### [MATERIAL SUPPLIED]
☆ ☆ ☆ ☆ ☆ ☆ ☆
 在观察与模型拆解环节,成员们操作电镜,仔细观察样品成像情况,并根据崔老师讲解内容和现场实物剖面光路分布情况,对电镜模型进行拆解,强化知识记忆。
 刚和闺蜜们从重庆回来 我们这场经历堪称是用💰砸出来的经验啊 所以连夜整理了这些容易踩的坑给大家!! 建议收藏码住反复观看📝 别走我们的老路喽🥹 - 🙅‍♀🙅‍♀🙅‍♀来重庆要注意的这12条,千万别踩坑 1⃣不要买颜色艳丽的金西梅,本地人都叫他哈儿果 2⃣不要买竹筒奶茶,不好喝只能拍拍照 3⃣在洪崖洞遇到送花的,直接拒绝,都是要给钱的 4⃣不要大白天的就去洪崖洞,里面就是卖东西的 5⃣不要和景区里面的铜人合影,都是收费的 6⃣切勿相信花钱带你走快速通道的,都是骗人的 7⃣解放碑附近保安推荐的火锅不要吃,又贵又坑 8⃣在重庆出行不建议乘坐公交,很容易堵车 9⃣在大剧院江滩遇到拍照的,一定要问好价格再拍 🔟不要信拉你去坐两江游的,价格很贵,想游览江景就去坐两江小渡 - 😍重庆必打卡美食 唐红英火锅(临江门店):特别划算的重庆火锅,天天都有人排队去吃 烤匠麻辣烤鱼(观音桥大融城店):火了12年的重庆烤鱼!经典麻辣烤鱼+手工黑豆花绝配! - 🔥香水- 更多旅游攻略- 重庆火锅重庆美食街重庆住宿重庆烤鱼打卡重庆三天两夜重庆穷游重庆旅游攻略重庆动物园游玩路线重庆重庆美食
☆ ☆ ☆ ☆ ☆ ☆ ☆
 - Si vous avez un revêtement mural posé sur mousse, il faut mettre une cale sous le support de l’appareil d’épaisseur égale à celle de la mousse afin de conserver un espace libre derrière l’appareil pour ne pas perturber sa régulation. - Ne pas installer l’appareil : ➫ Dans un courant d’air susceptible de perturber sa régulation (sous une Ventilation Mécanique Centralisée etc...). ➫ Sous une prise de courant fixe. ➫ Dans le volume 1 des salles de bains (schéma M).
☆ ☆ ☆ ☆ ☆ ☆ ☆
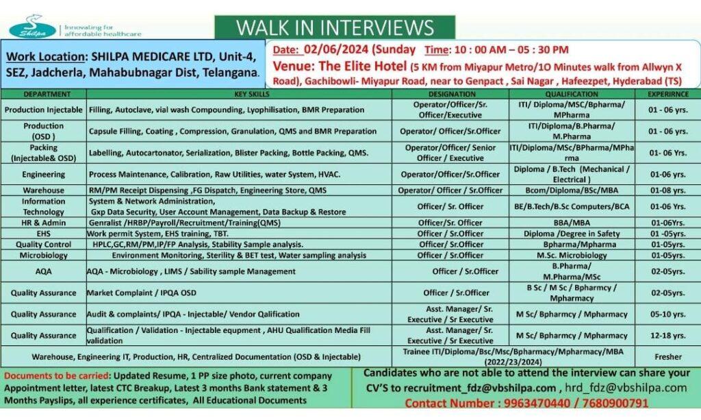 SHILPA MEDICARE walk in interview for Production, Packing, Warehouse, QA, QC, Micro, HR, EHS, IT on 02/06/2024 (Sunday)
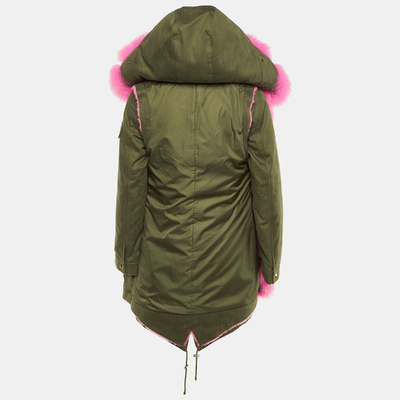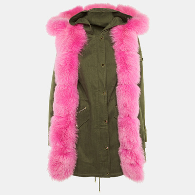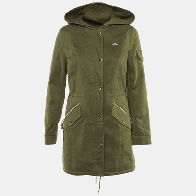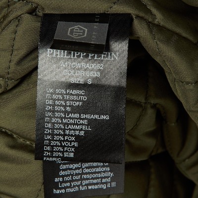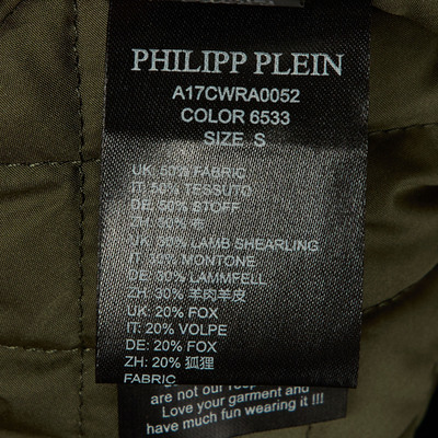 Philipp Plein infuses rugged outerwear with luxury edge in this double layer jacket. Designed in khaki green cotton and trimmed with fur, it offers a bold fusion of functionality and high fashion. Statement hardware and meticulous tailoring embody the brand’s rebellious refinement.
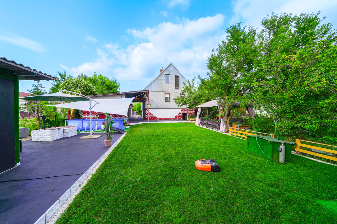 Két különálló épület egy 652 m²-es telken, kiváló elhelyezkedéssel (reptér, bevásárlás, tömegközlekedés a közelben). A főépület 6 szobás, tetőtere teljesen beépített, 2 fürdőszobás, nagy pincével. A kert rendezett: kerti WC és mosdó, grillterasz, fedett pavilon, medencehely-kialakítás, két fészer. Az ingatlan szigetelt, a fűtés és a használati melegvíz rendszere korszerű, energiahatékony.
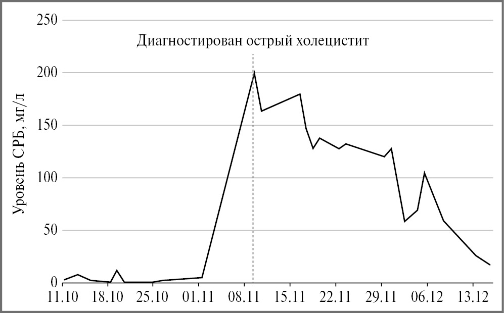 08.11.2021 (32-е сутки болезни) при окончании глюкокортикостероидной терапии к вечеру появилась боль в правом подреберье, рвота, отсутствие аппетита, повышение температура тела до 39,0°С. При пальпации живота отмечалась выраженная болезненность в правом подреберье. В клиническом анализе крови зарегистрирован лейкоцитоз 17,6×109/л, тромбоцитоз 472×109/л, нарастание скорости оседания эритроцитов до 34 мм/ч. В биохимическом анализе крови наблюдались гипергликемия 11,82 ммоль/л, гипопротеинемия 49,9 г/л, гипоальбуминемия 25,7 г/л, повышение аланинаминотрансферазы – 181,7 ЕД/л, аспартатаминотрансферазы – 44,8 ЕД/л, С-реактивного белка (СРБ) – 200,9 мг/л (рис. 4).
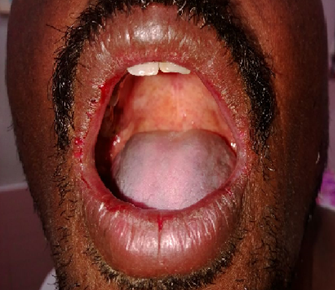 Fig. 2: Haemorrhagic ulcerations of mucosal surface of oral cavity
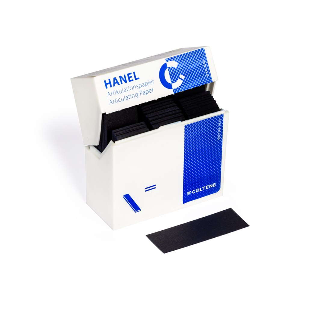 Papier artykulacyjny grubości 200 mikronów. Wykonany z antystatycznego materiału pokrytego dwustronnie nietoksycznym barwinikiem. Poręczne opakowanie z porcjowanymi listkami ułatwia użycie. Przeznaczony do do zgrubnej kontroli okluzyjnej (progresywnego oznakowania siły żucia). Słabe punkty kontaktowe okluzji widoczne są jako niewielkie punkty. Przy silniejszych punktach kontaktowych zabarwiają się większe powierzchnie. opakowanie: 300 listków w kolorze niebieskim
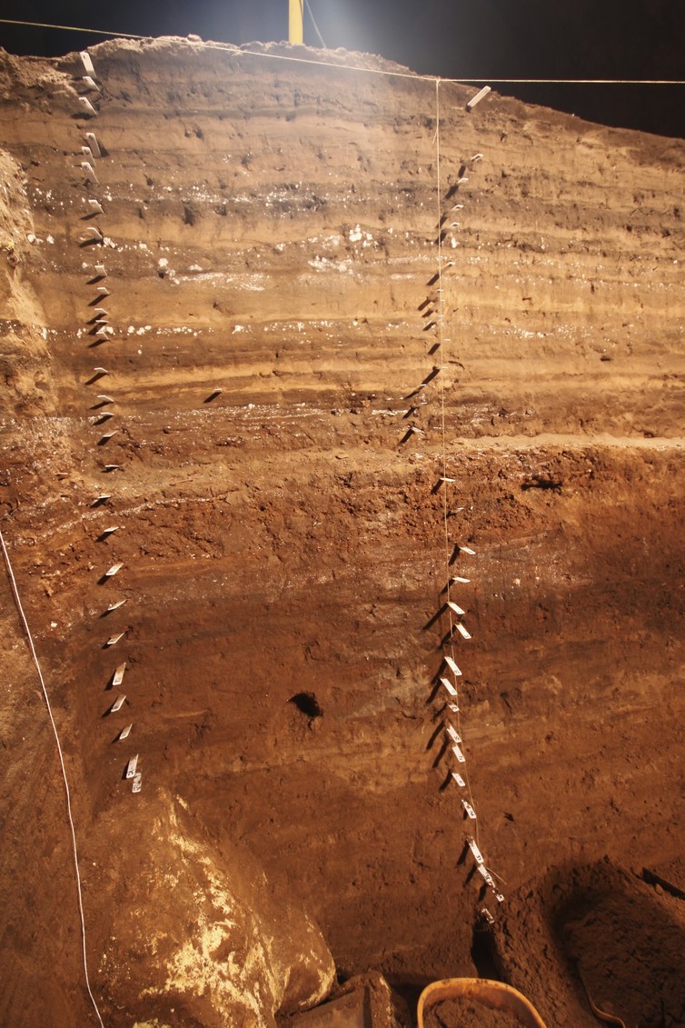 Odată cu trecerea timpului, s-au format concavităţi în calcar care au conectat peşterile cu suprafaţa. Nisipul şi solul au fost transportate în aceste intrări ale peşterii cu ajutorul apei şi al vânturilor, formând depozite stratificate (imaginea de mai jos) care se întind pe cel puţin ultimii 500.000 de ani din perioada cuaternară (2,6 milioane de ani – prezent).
☆ ☆ ☆ ☆ ☆ ☆ ☆
### [TASK DESCRIPTION]
Return only the lines between the one holding "在观察与模型拆解环节,成员们" and the one holding "刚和闺蜜们从重庆回来 我们这场经历堪称是用💰砸出来的经验啊 所以连夜整理了这些容易踩的坑给大家!!", inclusive, exactly as they appear above.

### [TASK OUTPUT]
 在观察与模型拆解环节,成员们操作电镜,仔细观察样品成像情况,并根据崔老师讲解内容和现场实物剖面光路分布情况,对电镜模型进行拆解,强化知识记忆。
 刚和闺蜜们从重庆回来 我们这场经历堪称是用💰砸出来的经验啊 所以连夜整理了这些容易踩的坑给大家!! 建议收藏码住反复观看📝 别走我们的老路喽🥹 - 🙅‍♀🙅‍♀🙅‍♀来重庆要注意的这12条,千万别踩坑 1⃣不要买颜色艳丽的金西梅,本地人都叫他哈儿果 2⃣不要买竹筒奶茶,不好喝只能拍拍照 3⃣在洪崖洞遇到送花的,直接拒绝,都是要给钱的 4⃣不要大白天的就去洪崖洞,里面就是卖东西的 5⃣不要和景区里面的铜人合影,都是收费的 6⃣切勿相信花钱带你走快速通道的,都是骗人的 7⃣解放碑附近保安推荐的火锅不要吃,又贵又坑 8⃣在重庆出行不建议乘坐公交,很容易堵车 9⃣在大剧院江滩遇到拍照的,一定要问好价格再拍 🔟不要信拉你去坐两江游的,价格很贵,想游览江景就去坐两江小渡 - 😍重庆必打卡美食 唐红英火锅(临江门店):特别划算的重庆火锅,天天都有人排队去吃 烤匠麻辣烤鱼(观音桥大融城店):火了12年的重庆烤鱼!经典麻辣烤鱼+手工黑豆花绝配! - 🔥香水- 更多旅游攻略- 重庆火锅重庆美食街重庆住宿重庆烤鱼打卡重庆三天两夜重庆穷游重庆旅游攻略重庆动物园游玩路线重庆重庆美食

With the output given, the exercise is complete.